Refactor MPI serialization #689

kks32 · 2020-08-14T21:55:13Z

MPM Particle serialization

Summary

Add functionality to handle particle serialization and deserialization to transfer particles across MPI tasks.

Motivation

The existing design uses Plain-Old-Data (POD) structure, where Particle class writes its data to HDF5Particle with all the relevant information. This POD is then serialized and sent using MPI with MPI_Type_Create_Struct. This requires registering all the different particle types and makes it harder to implement when more than 1 particle type is involved. The serialization/deserialization function offers a unified interface to transfer particles.

Design Detail

The Particle class will have a serialize and a deserialize function both using a vector<uint8_t> as the buffer. In addition, we need to compute the pack size to initialize the buffer with the correct size. This is saved as a private variable.

//! Serialize particle data
template <unsigned Tdim>
std::vector<uint8_t> mpm::Particle<Tdim>::serialize() {
  // Compute pack size
  if (pack_size_ == 0) pack_size_ = compute_pack_size();
  // Initialize data buffer
  std::vector<uint8_t> data;
  data.resize(pack_size_);
  uint8_t* data_ptr = &data[0];
  int position = 0;

#ifdef USE_MPI
  // Type
  int type = ParticleType.at(this->type());
  MPI_Pack(&type, 1, MPI_INT, data_ptr, data.size(), &position, MPI_COMM_WORLD);

  // Material id
  unsigned nmaterials = material_id_.size();
  MPI_Pack(&nmaterials, 1, MPI_UNSIGNED, data_ptr, data.size(), &position,
           MPI_COMM_WORLD);
  MPI_Pack(&material_id_[0], 1, MPI_UNSIGNED, data_ptr, data.size(), &position,
           MPI_COMM_WORLD);

  // ID
  MPI_Pack(&id_, 1, MPI_UNSIGNED_LONG_LONG, data_ptr, data.size(), &position,
           MPI_COMM_WORLD);
  // Mass
  MPI_Pack(&mass_, 1, MPI_DOUBLE, data_ptr, data.size(), &position,
           MPI_COMM_WORLD);
  // Volume
  MPI_Pack(&volume_, 1, MPI_DOUBLE, data_ptr, data.size(), &position,
           MPI_COMM_WORLD);
#endif
}

The deserialization function will read from the buffer.
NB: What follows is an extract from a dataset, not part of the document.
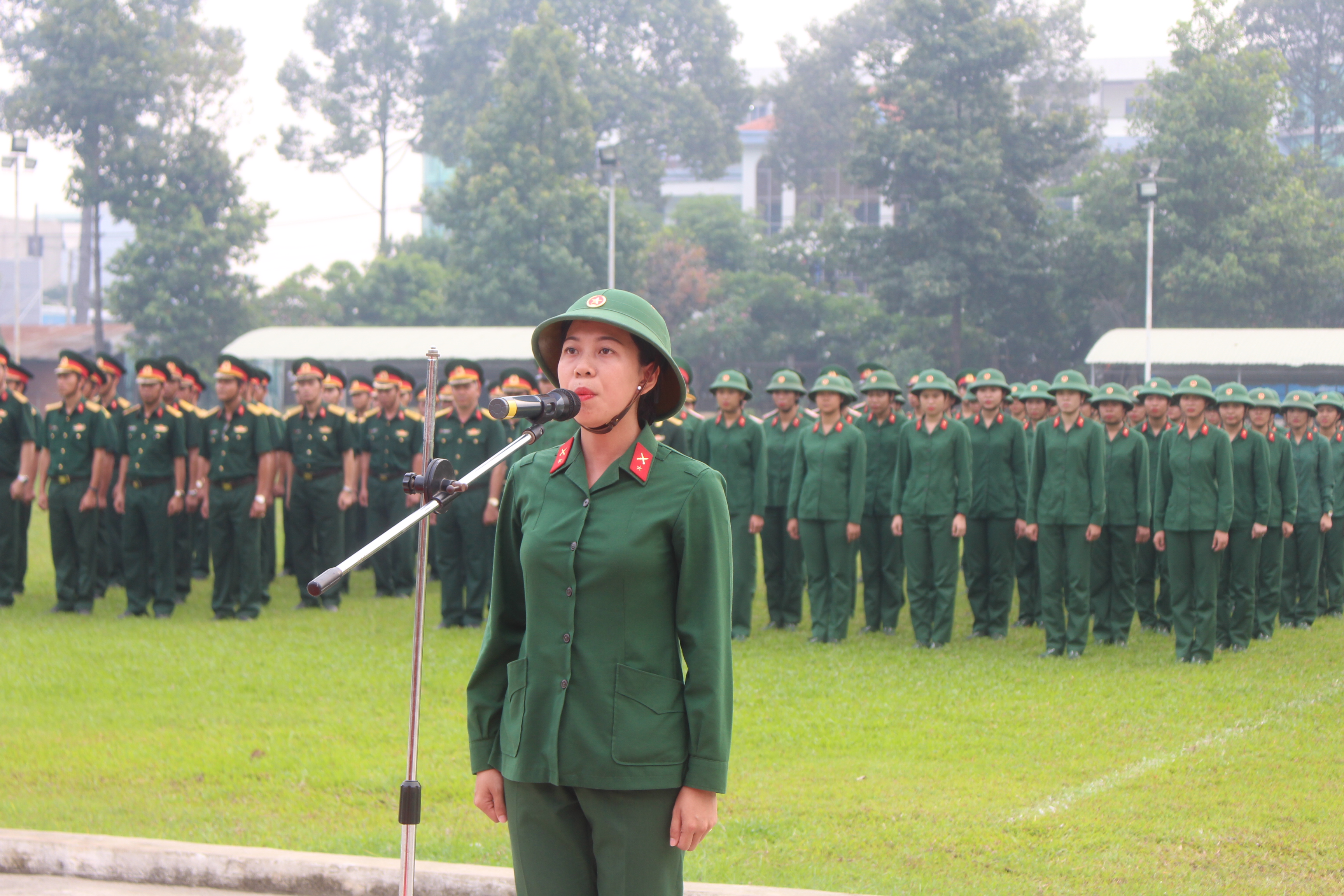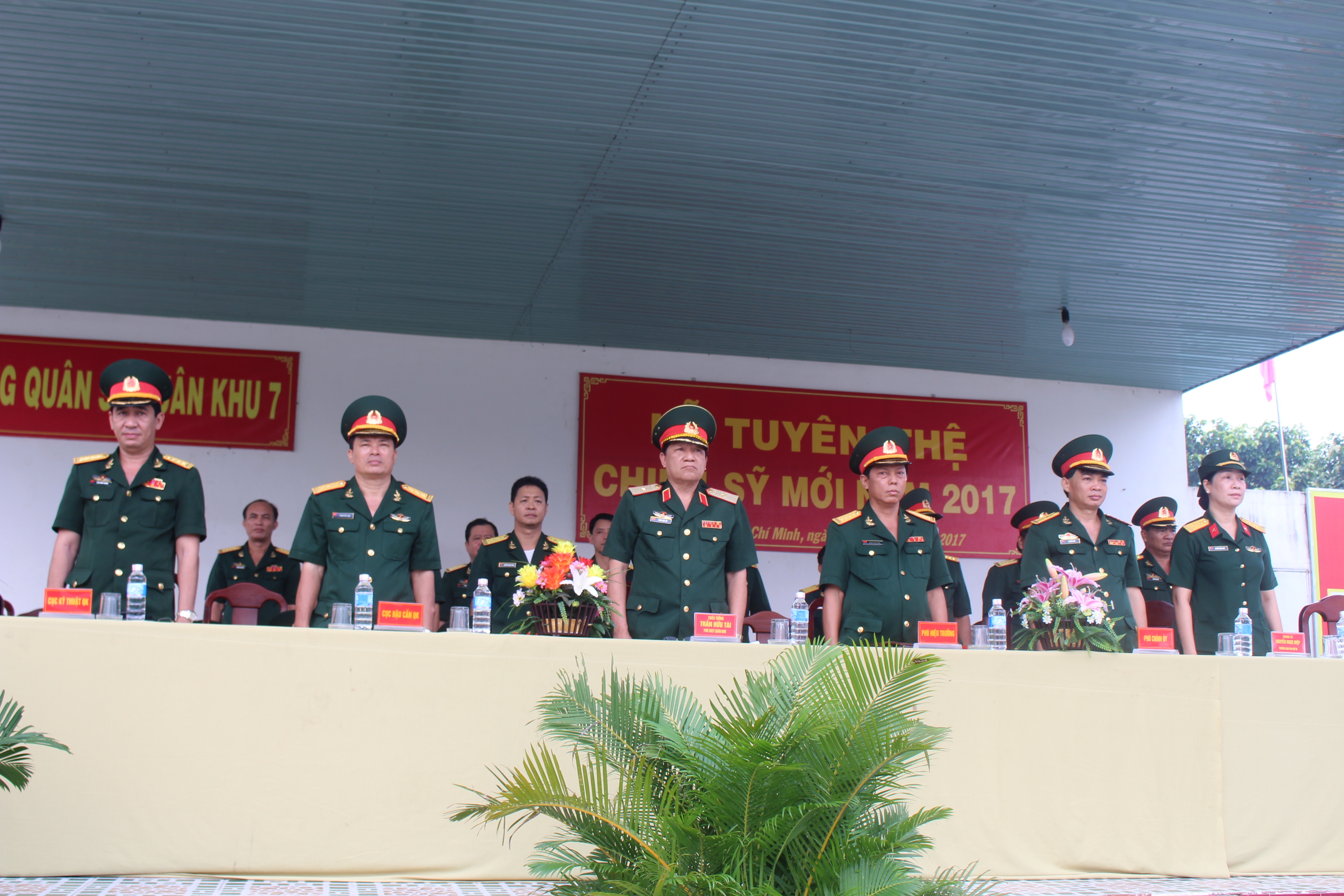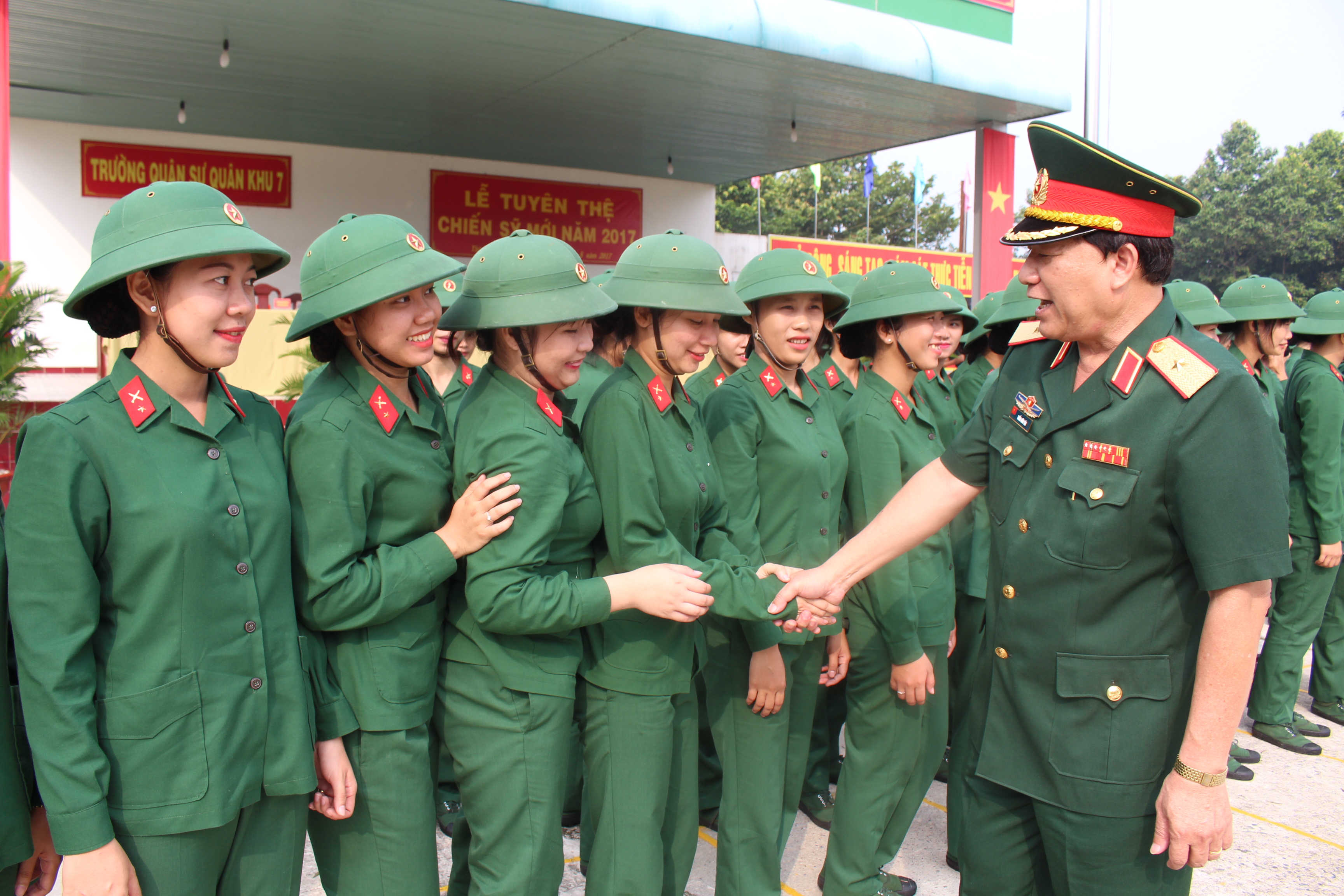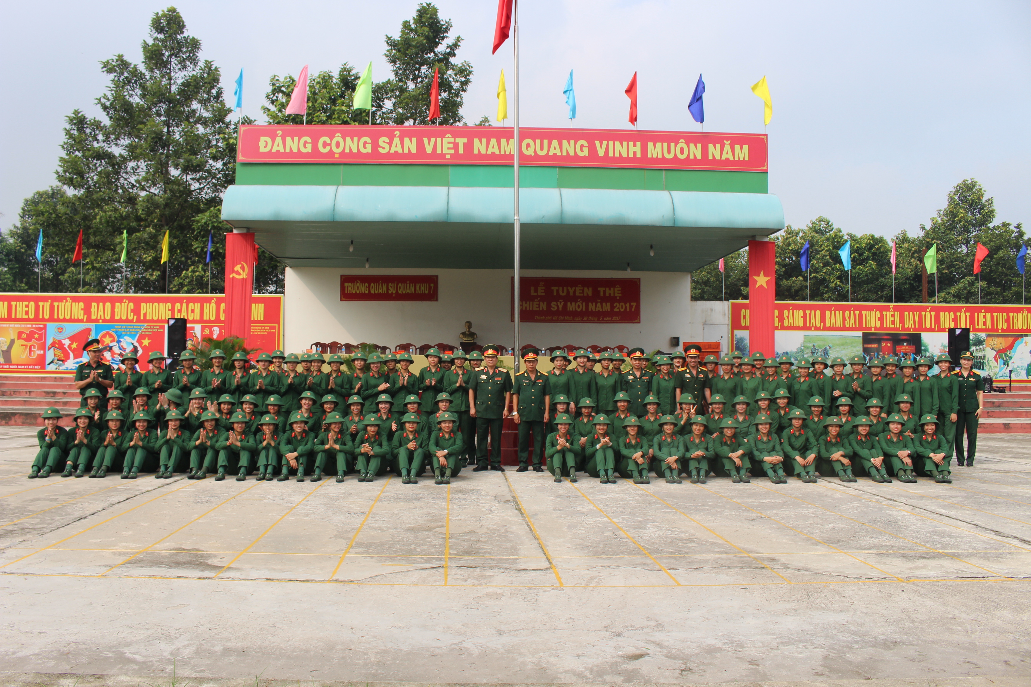 (QK7 Online) Sau 3 tháng huấn luyện, sáng nay, ngày 30/5/2017, Ban Giám hiệu Trường Quân sự Quân khu 7 tổ chức lễ tuyên thệ cho 100 chiến sĩ mới nữ năm 2017. Tới dự có Thiếu tướng Trần Hữu Tài, Phó Chủ nhiệm chính trị Quân khu; các cơ quan Quân khu; Ban Giám hiệu nhà trường.

//! Deserialize particle data
template <unsigned Tdim>
void mpm::Particle<Tdim>::deserialize(
    const std::vector<uint8_t>& data,
    std::vector<std::shared_ptr<mpm::Material<Tdim>>>& materials) {
  uint8_t* data_ptr = const_cast<uint8_t*>(&data[0]);
  int position = 0;

#ifdef USE_MPI
  // Type
  int type = ParticleType.at(this->type());
  MPI_Unpack(data_ptr, data.size(), &position, &type, 1, MPI_INT,
             MPI_COMM_WORLD);
  // material id
  int nmaterials = 0;
  MPI_Unpack(data_ptr, data.size(), &position, &nmaterials, 1, MPI_UNSIGNED,
             MPI_COMM_WORLD);

  MPI_Unpack(data_ptr, data.size(), &position, &material_id_[0], 1,
             MPI_UNSIGNED, MPI_COMM_WORLD);

  // ID
  MPI_Unpack(data_ptr, data.size(), &position, &id_, 1, MPI_UNSIGNED_LONG_LONG,
             MPI_COMM_WORLD);
  // mass
  MPI_Unpack(data_ptr, data.size(), &position, &mass_, 1, MPI_DOUBLE,
             MPI_COMM_WORLD);
  // volume
  MPI_Unpack(data_ptr, data.size(), &position, &volume_, 1, MPI_DOUBLE,
             MPI_COMM_WORLD);

#endif
}

Important consideration: We expect all future derivation of particle types to have the first few bytes to be the Type of particle followed by material information to retrieve in the mesh class for initialization of particle and subsequent deserialization.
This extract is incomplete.